Illustration: CSA images/getty images

In August 2011, the Wall Street Journal published a widely noted article by Marc Andreeson called “Why Software Is Eating The World.” In the article, this prominent venture capitalist listed various industries where software has wreaked havoc, killing off long dominant competitors and raising new winners in their place: books (Amazon), entertainment (Netflix, Pixar, iTunes), advertising (Google), recruiting (LinkedIn), travel, retailers, transportation, finance, energy and so on.

In a similar vein, Michael Saylor, CEO of MicroStrategy and author of “The Mobile Wave,” offers the idea that mobile technology and the worldwide computing platform are dematerializing both products and services: the destruction of paper, the diminishing role of hard currency, everything related to photography, replacement of physical showrooms with virtual, shrinking and more transparent supply chains, medical care and education delivered remotely, etc.

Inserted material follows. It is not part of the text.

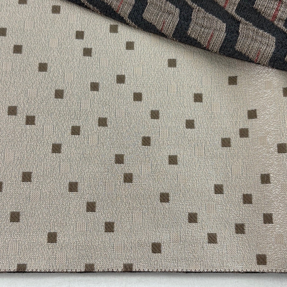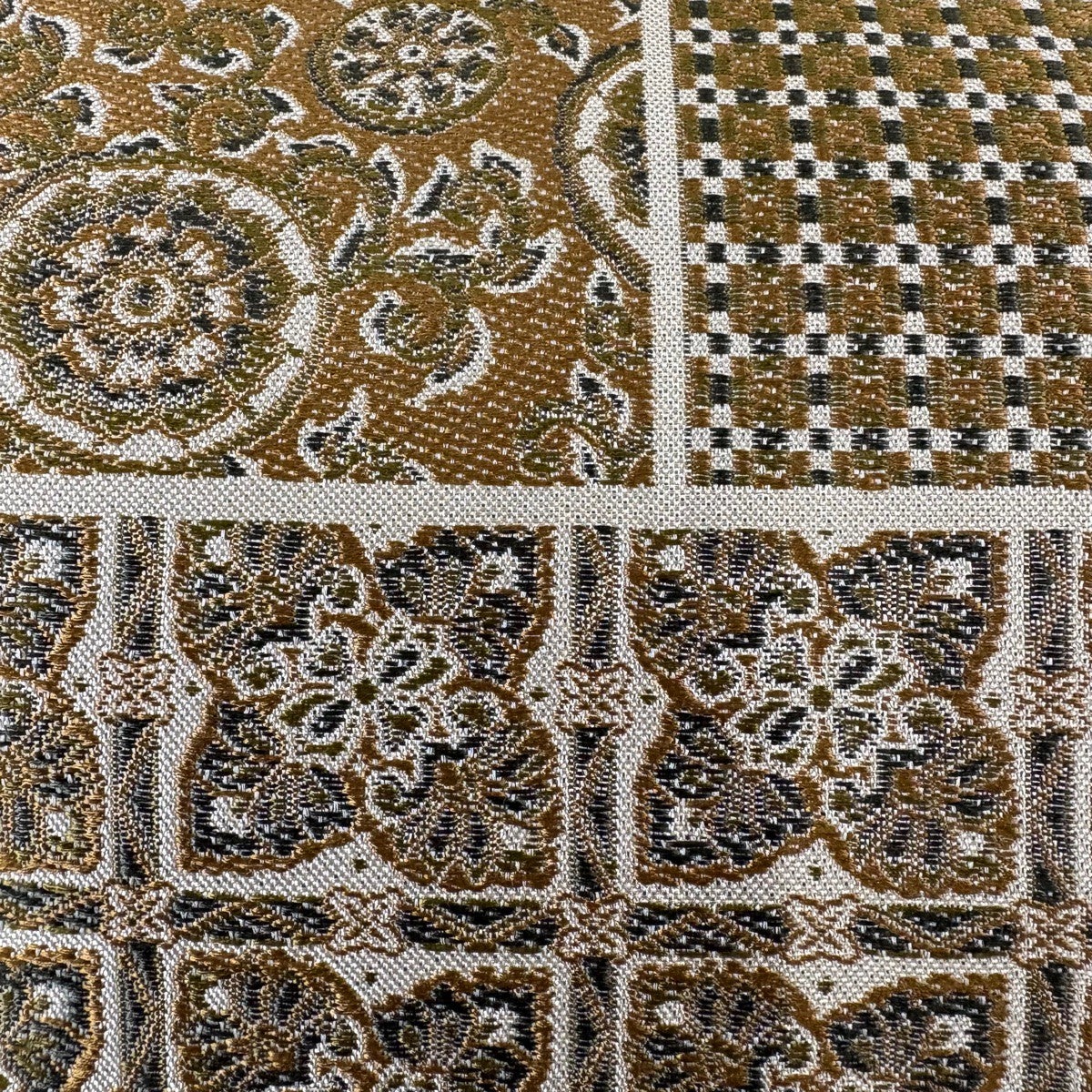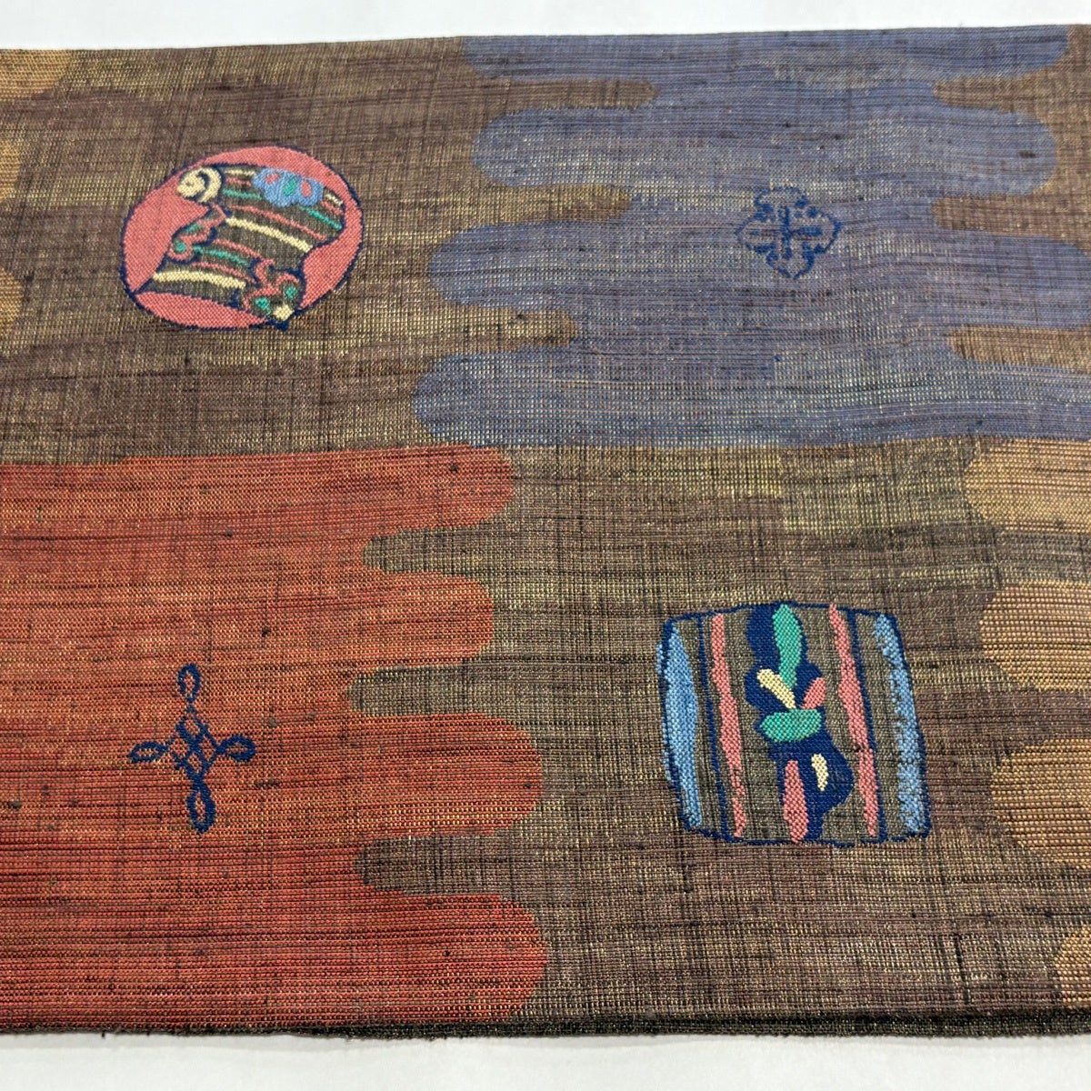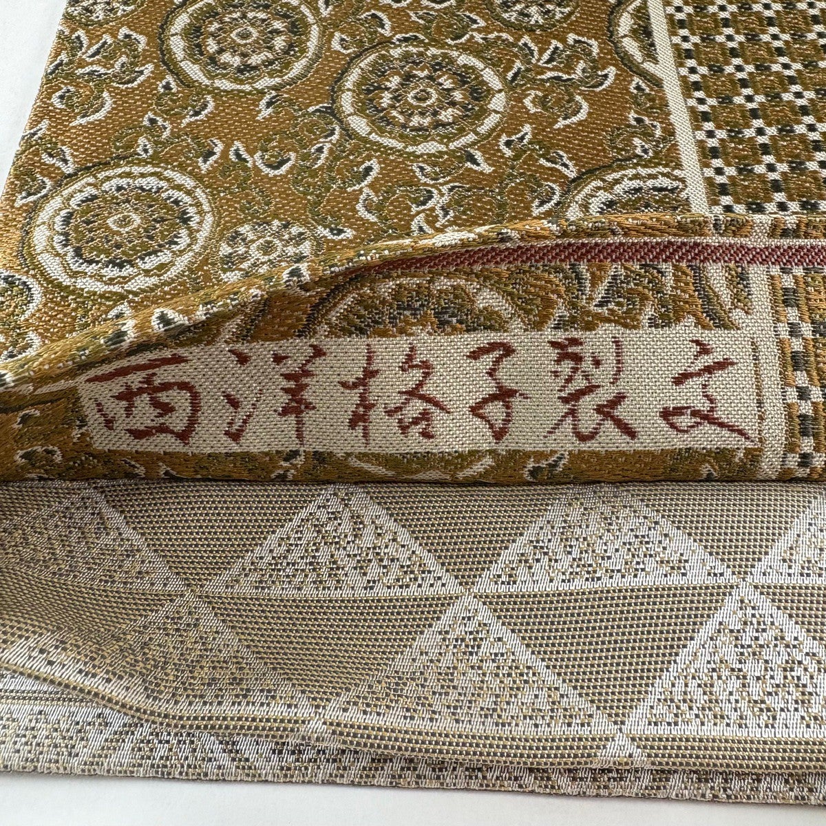袋帯 秀品 証紙あり 市松 文字紋 茶色 六通 正絹

The reinvention of business is under way on a mind-boggling scale, and technology is enabling enterprises to satisfy customers in new ways that are better, faster and cheaper. So, before you reinvent software to reshape your business and industry, ask yourself a simple question about the essence of your existing software: How many business processes does it support?

That one question is a stumper for most, since few people actually know. Yet with the emerging forces of change at work, any company that’s not aggressive about managing and reinventing its business processes is at risk of being forgotten in the disruption bin of history.

Greenfield systems development, done right and funded well, often begins with business process analysis and leads to business rule development, resulting in more adaptable systems. But the opportunities for such grand projects on mission-critical processes are few and far between. More likely, you’re struggling to keep legacy systems running for mission-critical business processes. These legacy systems were typically not explicitly constructed around business processes and rules, and often have little, if any, such structure or vocabulary.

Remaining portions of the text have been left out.